- **WHAT YOU WILL DO**: Once the pictures are removed, restate the listing word for word.

##### GIVEN INFORMATION

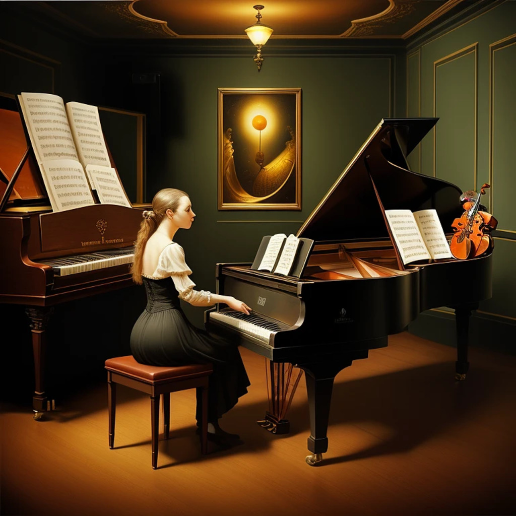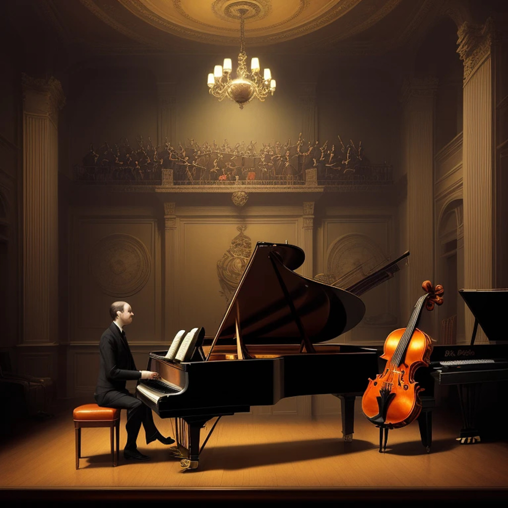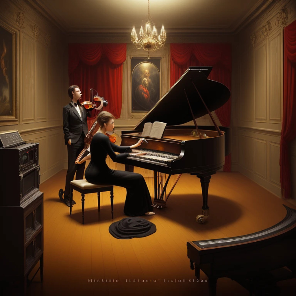 Prompt: music Album cover picture, classical music , surreal art, oil picture, radio, speaker, piano, violin, radio studio
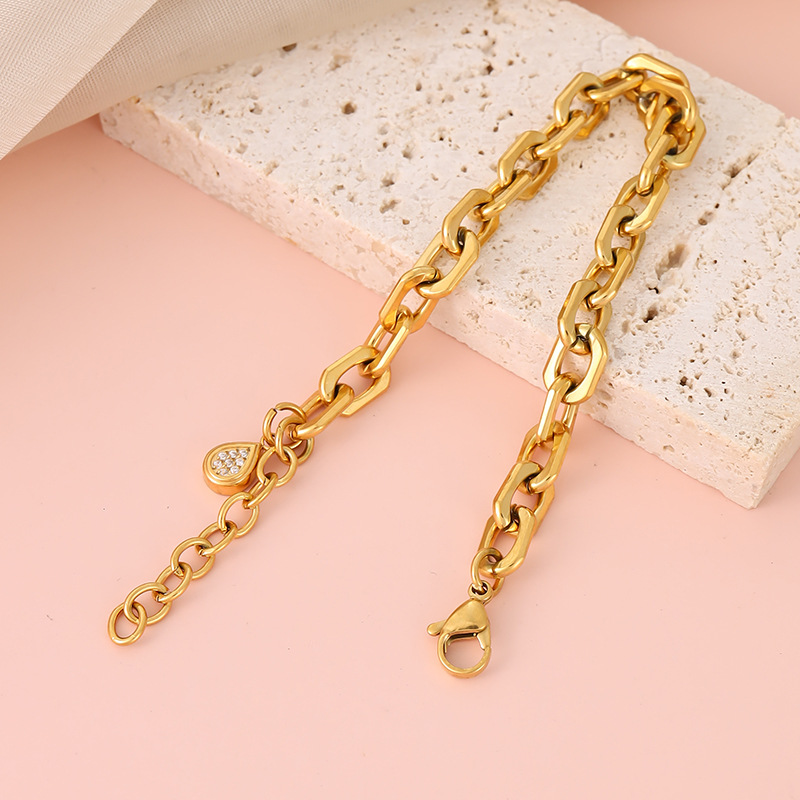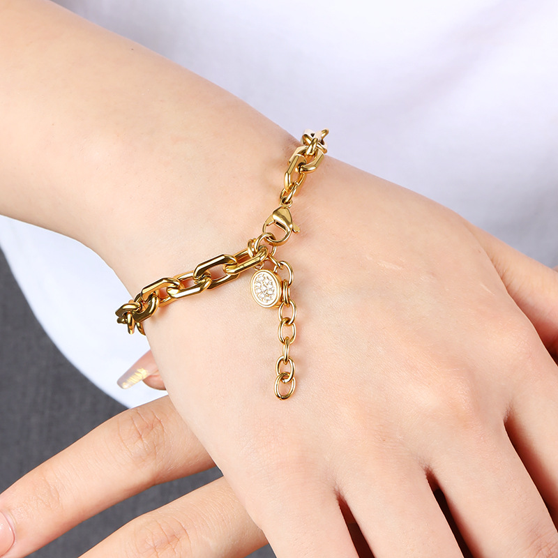 Acier inoxydable 304 bracelet, avec 1.4inch chaînes de rallonge, Placage de couleur d'or, styles différents pour le choix & pavé de micro zircon & pour femme, Longueur:Environ 6.9 pouce, Vendu par PC
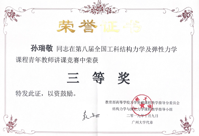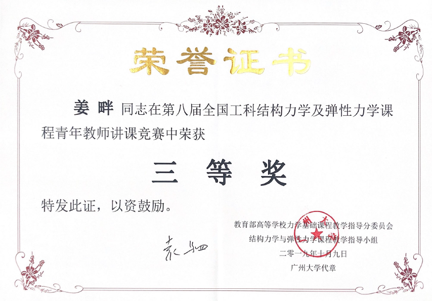2019年10月6日至9日,由教育部高等学校力学基础课程教学指导分委员会主办的第八届全国结构力学及弹性力学青年教师讲课竞赛在广州大学成功举行。本次比赛有来自哈尔滨工业大学、西北农林科技大学、中国矿业大学等全国多所高等院校的50多名青年教师参加,我校土木工程学院力学教研室选派4名青年教师参赛。最终,我校孙瑞静、姜畔两位教师凭借所讲的《结构力学》课程,分别获得三等奖。

##########

- **EXERCISE RESULT**:
 Prompt: music Album cover picture, classical music , surreal art, oil picture, radio, speaker, piano, violin, radio studio
 Acier inoxydable 304 bracelet, avec 1.4inch chaînes de rallonge, Placage de couleur d'or, styles différents pour le choix & pavé de micro zircon & pour femme, Longueur:Environ 6.9 pouce, Vendu par PC
2019年10月6日至9日,由教育部高等学校力学基础课程教学指导分委员会主办的第八届全国结构力学及弹性力学青年教师讲课竞赛在广州大学成功举行。本次比赛有来自哈尔滨工业大学、西北农林科技大学、中国矿业大学等全国多所高等院校的50多名青年教师参加,我校土木工程学院力学教研室选派4名青年教师参赛。最终,我校孙瑞静、姜畔两位教师凭借所讲的《结构力学》课程,分别获得三等奖。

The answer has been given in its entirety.